Don't have a trailer i like sticking with sillos to roll in one pickup if possible but thanks. RW add great motion and obviously the few others that posted on here must hunt strictly adults who hardly decoy into anything...........So thank you for the input professor. I can't believe how this site is used to just rip on peoples product maybe if i have great success with them you need to change up how you use them.


----------



## chuck stemig (Jul 23, 2005)

I store my Reel Wings in a large, deep Rubbermaid 32-gallon tote. I can stack several Reel Wing 360s on the bottom with the poles, and then place 3-Reel Wings on top of them. You will have to angle the Reel Wings to get them to fit in. The Rubbermaid totes are about $19.00 from Fleet Farm.
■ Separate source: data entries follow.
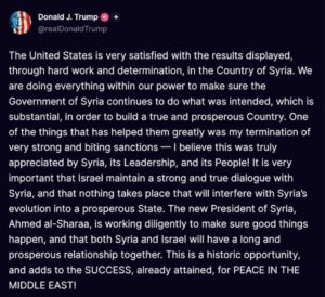 قال ترامب إنّ «من المهم جدّاً أن تحافظ إسرائيل على حوار قوي وصادق مع سوريا، وألّا يحدث أيّ شيء من شأنه أن يعرقل تطوّر سوريا نحو دولة مزدهرة».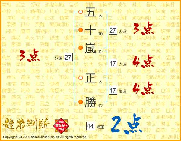 五十嵐正勝さんの総運は44画の2点!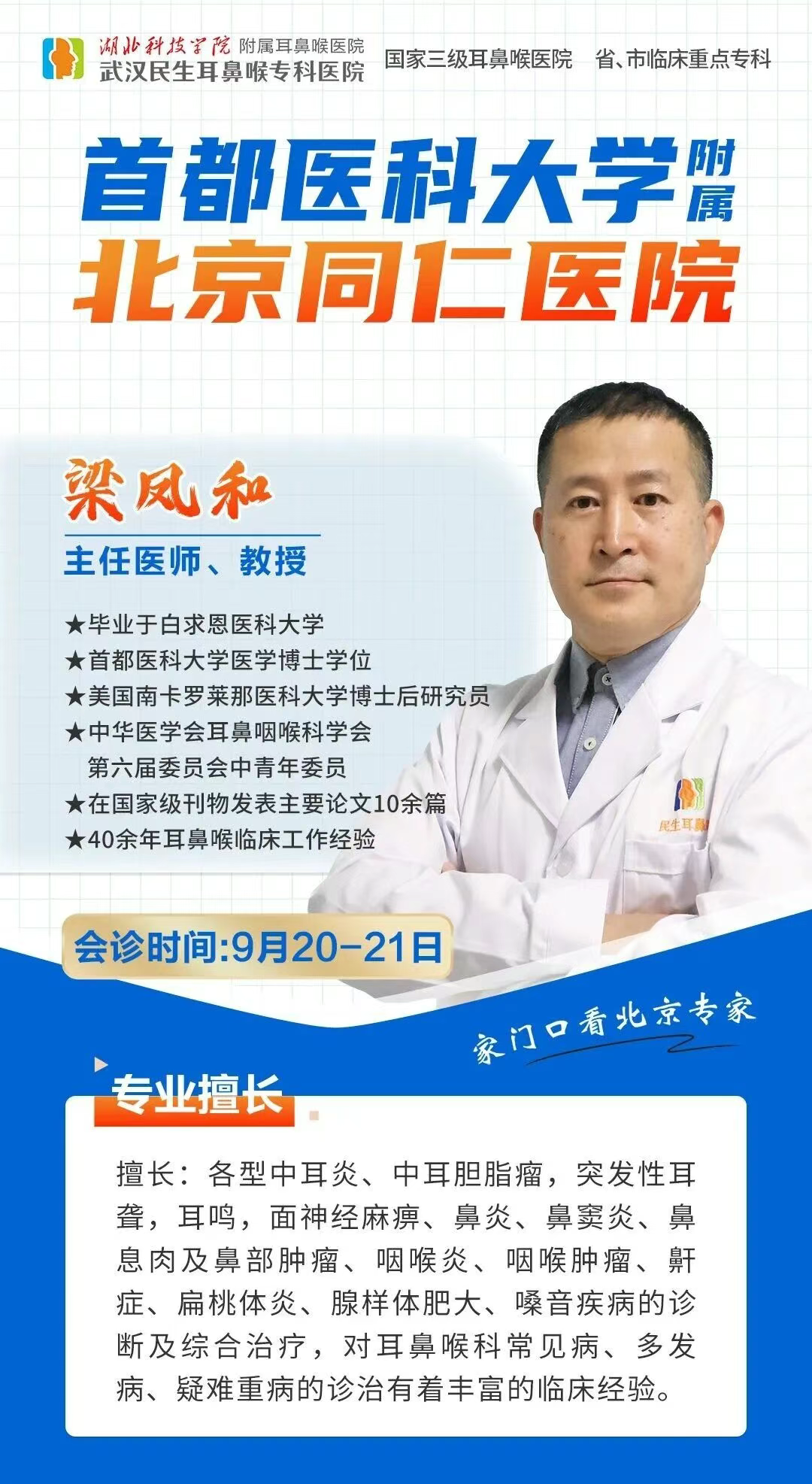 北京同仁医院梁凤和主任9月20-21日(周六、周日)亲临武汉民生耳鼻喉专科医院会诊,为武汉及周边患者提供专业、高效的诊疗服务,号源有限,先到先得,有需要的耳鼻喉患者请提前咨询预约。

IMO, Reel Wing products are another option for motion in the spread. I don't use them every time, but when I do, they certainly liven up the spread.


----------



## teamflightstoppersND (Feb 20, 2009)

TINGER said:


> the professor said:
> 
> 
> > hang them in the trailer.
> ...


The guy is a crook who steals patented technology and fails at copying it yet still claiming it works. This guy is no better than Foiles. His whole company belongs in the trash.


----------



## TINGER (Mar 23, 2008)

teamflightstoppersND said:


> TINGER said:
> 
> 
> > the professor said:
> ...


unbelievable how things spin out of control on some of these things, just simply wanted ideas for storing them really, so...........


----------



## KEN W (Feb 22, 2002)

teamflightstoppersND said:


> TINGER said:
> 
> 
> > the professor said:
> ...


How do you know he steals. I have never seen any other decoy that looks anywhere close to a Reelwing.What technology has he stolen???


----------



## teamflightstoppersND (Feb 20, 2009)

KEN W said:


> teamflightstoppersND said:
> 
> 
> > TINGER said:
> ...


He pedels UV paint that is not actually UV reflective. He does not have the patent to the paint nor to use the UV paint on decoys he sells.


----------



## Plainsman (Jul 30, 2003)

> He pedels UV paint that is not actually UV reflective.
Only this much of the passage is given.